Bundesarbeitsgericht: Keine Witwenrente aus betrieblicher Versorgungszusage für Ehefrau aus zweiter Ehe
Bundesarbeitsgericht: Keine Witwenrente aus betrieblicher Versorgungszusage für Ehefrau aus zweiter Ehe

Unangemessen benachteiligt wird ein Arbeitnehmer, wenn eine in Allgemeinen Geschäftsbedingungen (AGB) enthaltene Klausel nur der „jetzigen“ Ehefrau eine Hinterbliebenenversorgung zusagt. Eine solche Einschränkung der Zusage ist daher unwirksam.

Betriebsrente für die zweite Frau?

In ihrer Entscheidung vom 21. Februar 2017 kamen die Richter*innen des 3. Senats zu dem Ergebnis, dass Versorgungszusagen, die vor dem 1. Januar 2002 erteilt wurden, dazu führen, dass lediglich dann, wenn die Ehe bereits während des Arbeitsverhältnisses bestand, Rechte geltend gemacht werden können.


Der Kläger war von Februar 1974 bis zur Eröffnung des Konkursverfahrens über dessen Vermögen im Oktober 1986 bei einem Werftunternehmen beschäftigt. Mit Wirkung ab dem 1. Juli 1983 erteilte die Arbeitgeberin dem Kläger eine Versorgungszusage.


Die Allgemeinen Geschäftsbedingungen dieser Zusage sehen vor, dass die "jetzige" Ehefrau eine lebenslängliche Witwenrente erhalten soll, wenn die Ehe zwischenzeitlich nicht geschieden wird.
Seit April 2006 ist der Kläger in zweiter Ehe verheiratet.

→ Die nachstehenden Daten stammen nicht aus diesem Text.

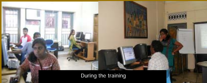
During the training

This workshop was held at CHA .Participants were from Hellmann Worldwide Logistics (Pvt) Ltd, VILUTHU Centre for Human Resource Development, Avery Dennison Lanka (Pvt) Ltd, Youth for Christ and CHA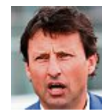
Ramp says NSW Coach Laurie Daley should not blame the refs for his side's defeat.

RAMP. Oh come ob Laurie Daley. Don't bring yourself down to the level of previous NSW Origin coaches. I know it is hard when you have players who have no passion for the game or their state and are just there for the money but whingeing about the refs is not going to fix that. A nice bloke on a shot to nothing. I really do feel for ya.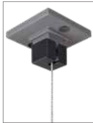
STAS qubic pro TCS1010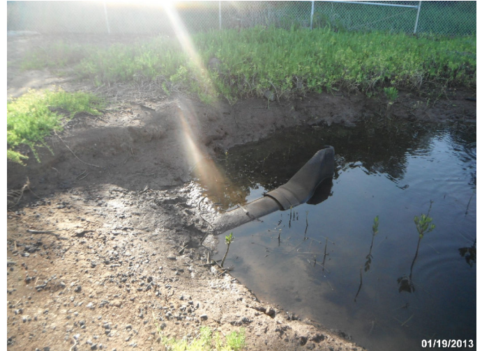
Photo: PEHA_C4_1062 Route: 400-001-0.36 Concrete WCS Flashboard Riser 22ft long 18in dia. 2ft deep Asset# NA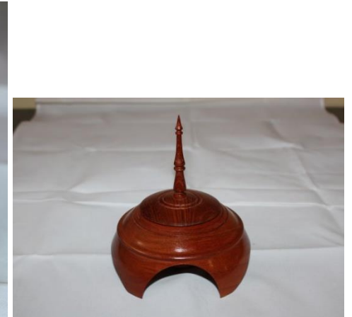
Red Cedar Lidded Box

Der Kläger nimmt den Pensions-Sicherungs-Verein als Träger der gesetzlichen Insolvenzsicherung auf Feststellung in Anspruch, dass der Ehefrau, mit der er zum Zeitpunkt seines Ablebens verheiratet ist, eine Witwenrente zusteht.

Kein Feststellungsanspruch des Klägers

Ebenso wie die Vorinstanzen hat auch das Bundesarbeitsgericht die Klage abgewiesen.

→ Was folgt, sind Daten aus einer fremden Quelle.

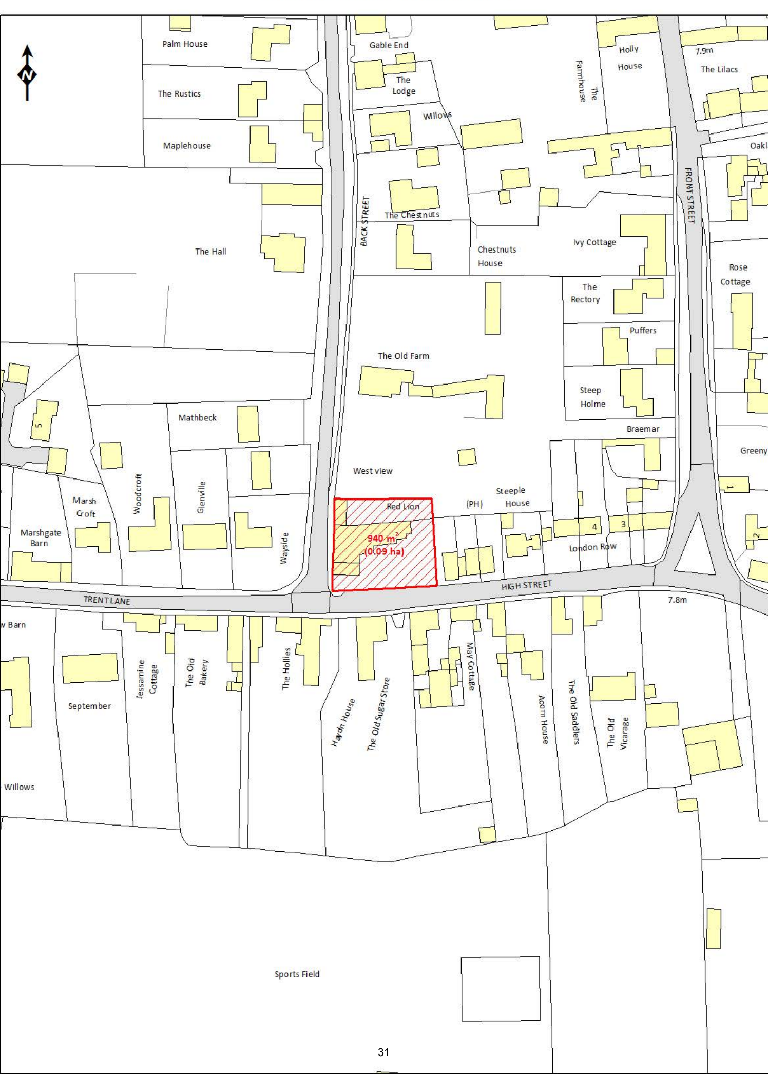
Committee Plan - 16/01052/FUL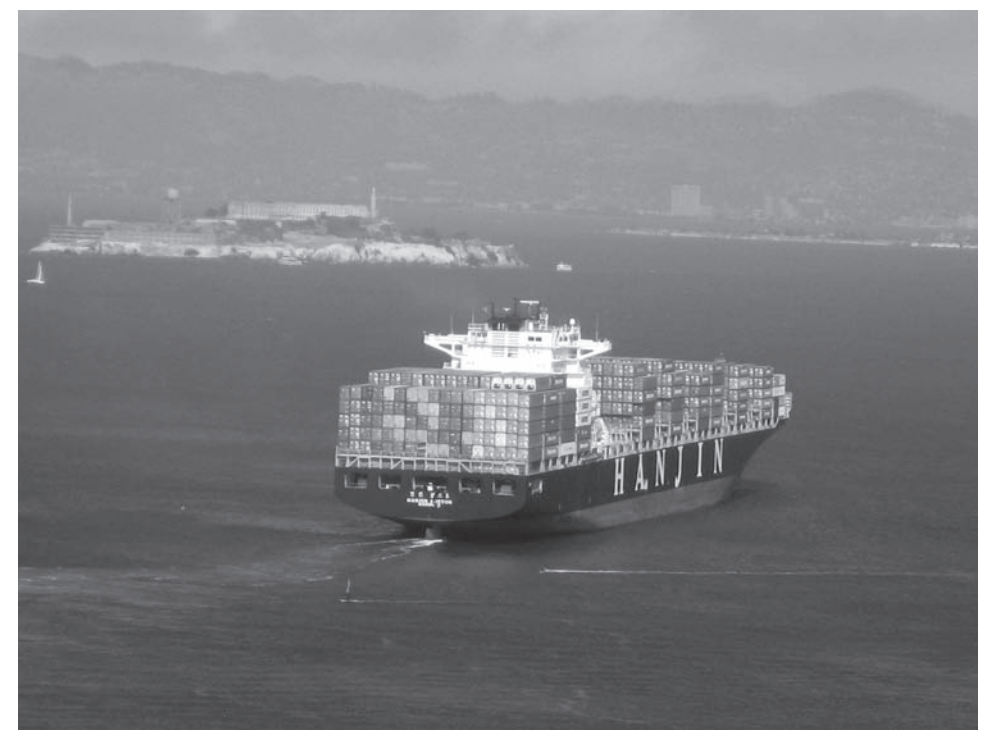
Figure 4: The Vessel Stow Plan Allows CBP to Identify the Location of Unmanifested Containers on a Vessel While in Transit, Prior to It Reaching a U.S. Port

Die Versorgungszusage beziehe sich nur auf die Ehefrau, mit der der Kläger am 1. Juli 1983 verheiratet war. Diese Einschränkung sei jedoch nach dem Recht der Allgemeinen Geschäftsbedingungen unangemessen und daher unwirksam, weil dafür keine berechtigten Gründe bestünden.

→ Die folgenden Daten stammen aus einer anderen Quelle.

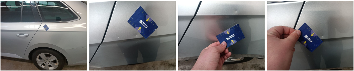
Wing Rear Left // Repair & Painting-scratch + dent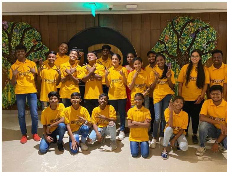
Dharavi Rocks performance at JW Marriott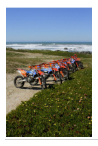
1 - Hotel FeelViana - Hotel FeelViana - 0 Arrival at Porto airport / Transfer to Basecamp / Group dinner (pending on flight arrival time)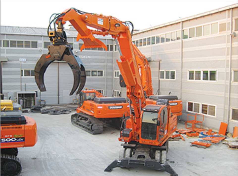
Max. Reach : 11m for DX210WA(LH Type)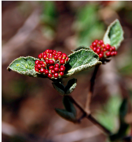
Figure 35. Showy flower buds of 'Compactum' Korean spice viburnum ( Viburnum carlesii 'Compactum').

als) turn pinkish in the late summer/early fall and add another color dimension to the flower show (fig. 38). While flowers are showy and numerous, collectively they do not completely blanket the exterior of the plant as in other heavily flowered species. Third, this species has lustrous evergreen foliage in zones 7 and higher; in zone 6 it will be semi-evergreen to deciduous, depending on the minimum winter temperatures. Fourth, numerous cultivars are available that vary in form (compactness), flower (abundance of flowers, fragrance), and foliage (yellow/gold or bronze and other variegations). 'Rose Creek,' for example, is a dwarf compact form with abundant flowers (fig. 39). A caution about some of these cultivars is that they will occasionally produce shoots that revert to the species characteristic (e.g., noncompact, nonvariegated); remove these branches to maintain the selected characteristics of the cultivar. Lastly, this is a tough shrub that tolerates drought, full sun to part shade, and regular shearing. Its evergreen foliage and pruning tolerance support its use as a hedge.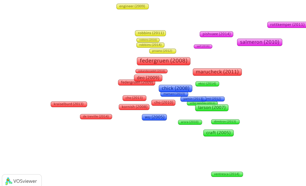
Figure 2: Mapping of the publications in this review, with node and font size representing the weight of a publication. The different colors represent the clusters.

tool is used to structure and visualize the papers based on co-citations. VOSViewer constructs a map in which the publications are represented by labeled nodes. The map contains only the most important publications, for others the labels are omitted to avoid overlapping labels. The distances between the nodes are based on bibliographic coupling, i.e., the number of references that publications share. Hence, the closer two publications are in the map, the more shared references they have. The weight of a publication is measured as the total bibliographic coupling with all other publications. Node size and font size of the labels are used to express this weight. Besides the construction of the map, VOSviewer also supports clustering of the publications using a clustering algorithm. This algorithm assigns weights to each combination of publications dependent on the bibliographic coupling. The optimal clustering is determined by minimizing a weighted distance function, where the distance between publications depends on whether they are in the same cluster or not. In the map, colors are used to distinguish between the publications in the different clusters.

Da im Jahre 1983, zum Zeitpunkt der Erteilung der Versorgungszusage, eine AGB-Kontrolle von Arbeitsverträgen gesetzlich noch nicht vorgesehen war, sei eine ergänzende Vertragsauslegung geboten, um die Lücke zu schließen. Hiernach, so das BAG, ist die Witwenrente nur dann zu gewähren, wenn die Ehe bereits während des Arbeitsverhältnisses bestanden hat.

Da der Kläger im Oktober 1986 aus dem Arbeitsverhältnis ausgeschieden ist und erst im Jahr 2006 die zweite Ehe einging, geht dessen Begehren, seiner jetzigen Ehefrau eine lebenslängliche Witwenrente abzusichern, ins Leere.

Hier finden Sie die Pressemitteilung des Bundesarbeitsgerichts Nr. 11/17 vom 21.02.2017 zum Urteil vom 21.02.2017 - 3 AZR 297/15 -

Rechtliche Grundlagen

§ 307 Abs. 1 Satz 1 Bürgerliches Gesetzbuch (BGB)

§ 307 Bürgerliches Gesetzbuch (BGB) Inhaltskontrolle

(1) Bestimmungen in Allgemeinen Geschäftsbedingungen sind unwirksam, wenn sie den Vertragspartner des Verwenders entgegen den Geboten von Treu und Glauben unangemessen benachteiligen.:f Eine unangemessene Benachteiligung kann sich auch daraus ergeben, dass die Bestimmung nicht klar und verständlich ist.

(2) Eine unangemessene Benachteiligung ist im Zweifel anzunehmen, wenn eine Bestimmung
1. mit wesentlichen Grundgedanken der gesetzlichen Regelung, von der abgewichen wird, nicht zu vereinbaren ist oder
2. wesentliche Rechte oder Pflichten, die sich aus der Natur des Vertrags ergeben, so einschränkt, dass die Erreichung des Vertragszwecks gefährdet ist.

(3) Die Absätze 1 und 2 sowie die §§ 308 und 309 gelten nur für Bestimmungen in Allgemeinen Geschäftsbedingungen, durch die von Rechtsvorschriften abweichende oder diese ergänzende Regelungen vereinbart werden. Andere Bestimmungen können nach Absatz 1 Satz 2 in Verbindung mit Absatz 1 Satz 1 unwirksam sein.